Climáticas, Mudança, Global, Aquecimento, Seca, Deserto

Interessantíssimo o artigo escrito por Humberto Maia Júnior para o TAB, uma das seções do portal UOL. No texto intitulado "Como a aceitação de que o ser humano não é bom pode nos tornar melhores", o autor basicamente demole a ideia rousseaumântica de que nossa gente nasceu linda e fabulosa, sempre teve uma relação de total broderagem com a natureza e deveria voltar a esses tempos edênicos, a esse ideal saltitante do "bom selvagem", para tomar conserto na vida.
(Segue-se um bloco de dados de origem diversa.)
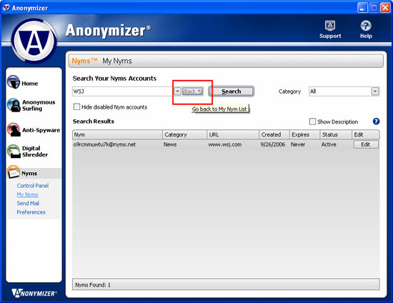 If you have a long list of existing Nyms, you can use the Search functionality to find a particular Nyms account. For example, let's say you are looking for the Nyms account that you setup for the Wall Street Journal but don't want to scroll through your entire list. Simply click on My Nyms, type your keyword (in this case, WSJ) into the search box and click the "Search" button.

Eu concordaria feliz com Rousseau, por quem tenho simpatia, se esse ideal fofucho se baseasse no real – mas nada: "A história do Homo sapiens foi marcada por violência e destruição. A conquista dos outros continentes depois de nossa espécie deixar a África [gerou] a extinção de dezenas de aves e mamíferos. Segundo o historiador Yuval Harari [...], há 70 mil anos, 200 espécies de mamíferos com mais de 50 quilos povoavam a Terra. Em pouco mais de 50 mil anos, o número caiu pela metade. [...] O desaparecimento desses animais ocorria sempre após a chegada do homem ao habitat deles, como Austrália e Américas do Norte e do Sul". Desde o início, em suma, fomos tragédias ambulantes que arrasaram todos os quarteirões disponíveis – o que não quer dizer, é claro, que nunca tenha havido sociedades menos nocivas, mas quer dizer que de modo geral não tivemos origens nada idílicas e não adiantaria muita coisa retornarmos a um passado remotíssimo em busca de uma realidade menos predatória.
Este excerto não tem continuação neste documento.